§ INSTRUCTIONS TO FOLLOW:
In the records below, find the line with "These bows are" and repeat exactly every line from it through the line with "LG Ambassador je". Pictures stay out.

§ EXERCISE MATERIALS:
***
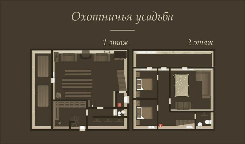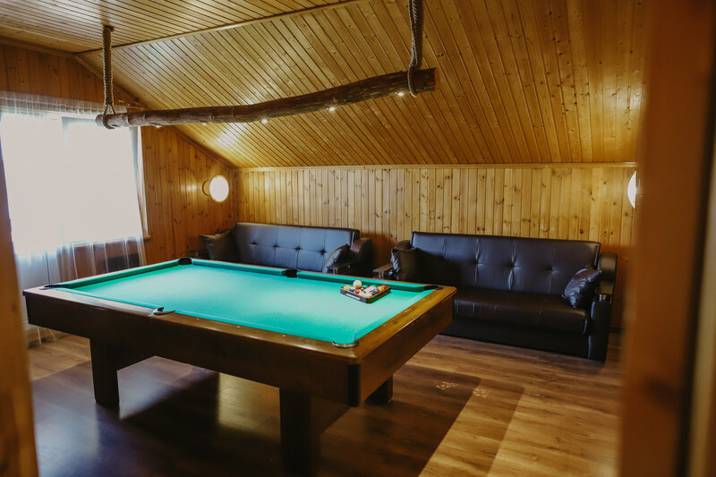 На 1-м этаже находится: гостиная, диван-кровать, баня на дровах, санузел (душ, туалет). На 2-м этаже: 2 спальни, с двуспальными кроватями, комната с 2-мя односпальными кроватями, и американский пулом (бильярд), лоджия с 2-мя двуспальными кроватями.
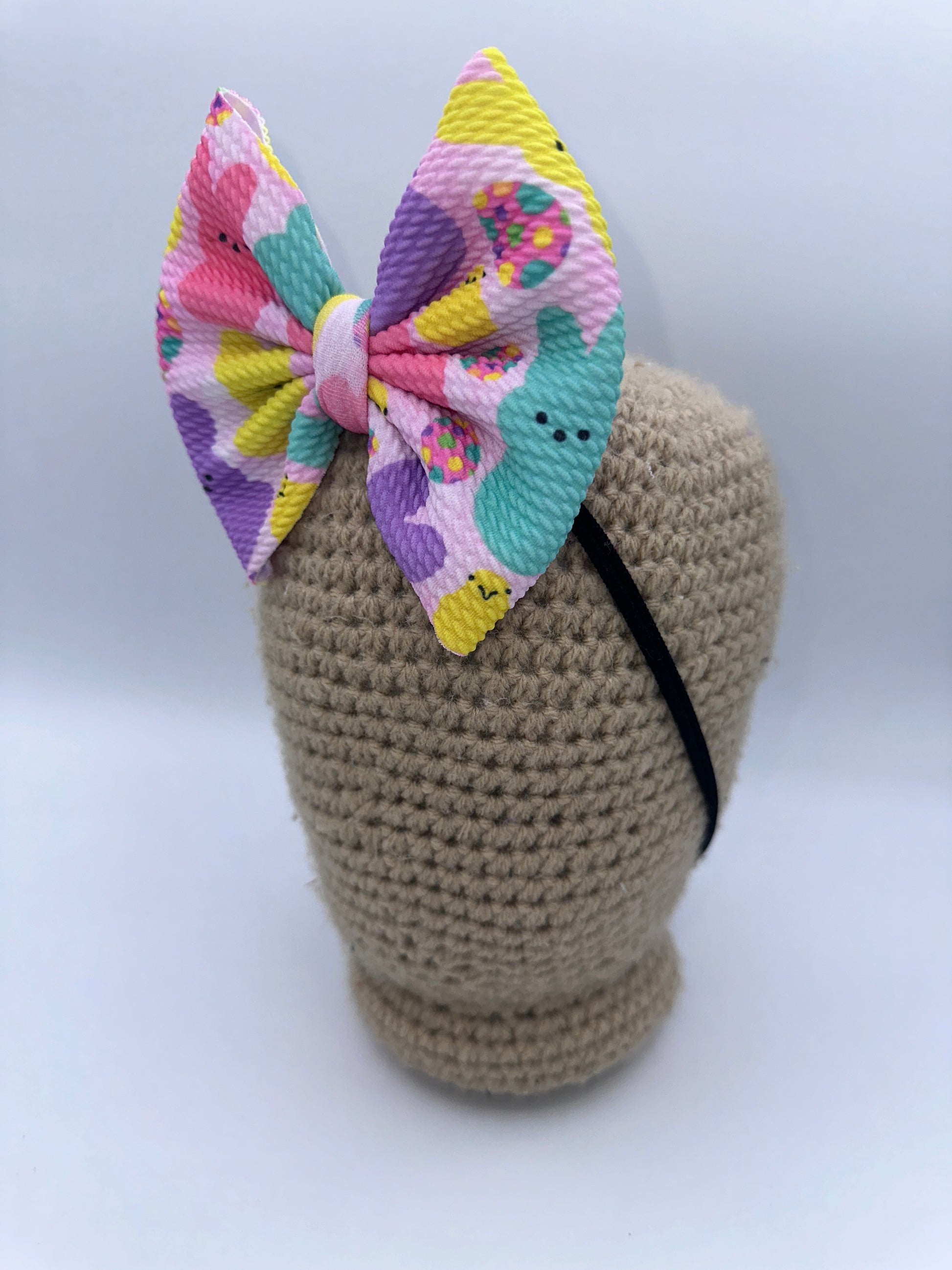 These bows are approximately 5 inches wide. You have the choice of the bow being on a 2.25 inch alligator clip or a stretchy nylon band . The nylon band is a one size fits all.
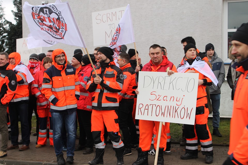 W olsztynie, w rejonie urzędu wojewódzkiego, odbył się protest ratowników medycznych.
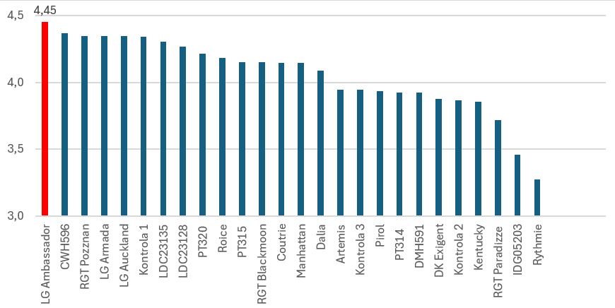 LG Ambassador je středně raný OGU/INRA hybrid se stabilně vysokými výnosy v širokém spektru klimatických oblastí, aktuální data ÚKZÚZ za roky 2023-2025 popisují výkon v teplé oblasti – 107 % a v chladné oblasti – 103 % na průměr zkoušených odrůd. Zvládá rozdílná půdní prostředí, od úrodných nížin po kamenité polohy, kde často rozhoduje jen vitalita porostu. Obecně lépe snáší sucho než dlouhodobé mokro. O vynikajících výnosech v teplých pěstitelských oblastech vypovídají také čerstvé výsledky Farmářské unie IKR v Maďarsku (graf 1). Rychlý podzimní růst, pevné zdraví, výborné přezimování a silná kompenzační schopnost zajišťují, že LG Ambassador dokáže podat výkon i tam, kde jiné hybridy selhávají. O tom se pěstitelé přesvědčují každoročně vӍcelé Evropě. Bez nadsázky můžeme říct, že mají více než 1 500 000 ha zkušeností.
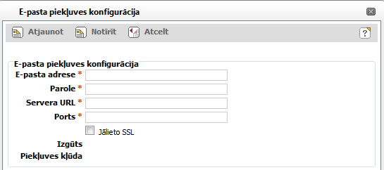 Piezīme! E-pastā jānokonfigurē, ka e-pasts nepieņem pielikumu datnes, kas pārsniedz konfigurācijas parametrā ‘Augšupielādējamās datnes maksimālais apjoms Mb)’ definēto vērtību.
***
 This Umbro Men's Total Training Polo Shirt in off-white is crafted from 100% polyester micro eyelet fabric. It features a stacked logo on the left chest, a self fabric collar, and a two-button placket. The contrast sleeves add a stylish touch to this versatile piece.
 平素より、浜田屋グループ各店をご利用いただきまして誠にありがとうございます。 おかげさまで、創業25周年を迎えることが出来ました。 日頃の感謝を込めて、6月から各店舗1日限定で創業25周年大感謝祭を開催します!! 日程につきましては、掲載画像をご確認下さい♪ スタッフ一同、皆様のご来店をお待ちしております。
***
§ SOLVED EXERCISE:
 These bows are approximately 5 inches wide. You have the choice of the bow being on a 2.25 inch alligator clip or a stretchy nylon band . The nylon band is a one size fits all.
 W olsztynie, w rejonie urzędu wojewódzkiego, odbył się protest ratowników medycznych.
 LG Ambassador je středně raný OGU/INRA hybrid se stabilně vysokými výnosy v širokém spektru klimatických oblastí, aktuální data ÚKZÚZ za roky 2023-2025 popisují výkon v teplé oblasti – 107 % a v chladné oblasti – 103 % na průměr zkoušených odrůd. Zvládá rozdílná půdní prostředí, od úrodných nížin po kamenité polohy, kde často rozhoduje jen vitalita porostu. Obecně lépe snáší sucho než dlouhodobé mokro. O vynikajících výnosech v teplých pěstitelských oblastech vypovídají také čerstvé výsledky Farmářské unie IKR v Maďarsku (graf 1). Rychlý podzimní růst, pevné zdraví, výborné přezimování a silná kompenzační schopnost zajišťují, že LG Ambassador dokáže podat výkon i tam, kde jiné hybridy selhávají. O tom se pěstitelé přesvědčují každoročně vӍcelé Evropě. Bez nadsázky můžeme říct, že mají více než 1 500 000 ha zkušeností.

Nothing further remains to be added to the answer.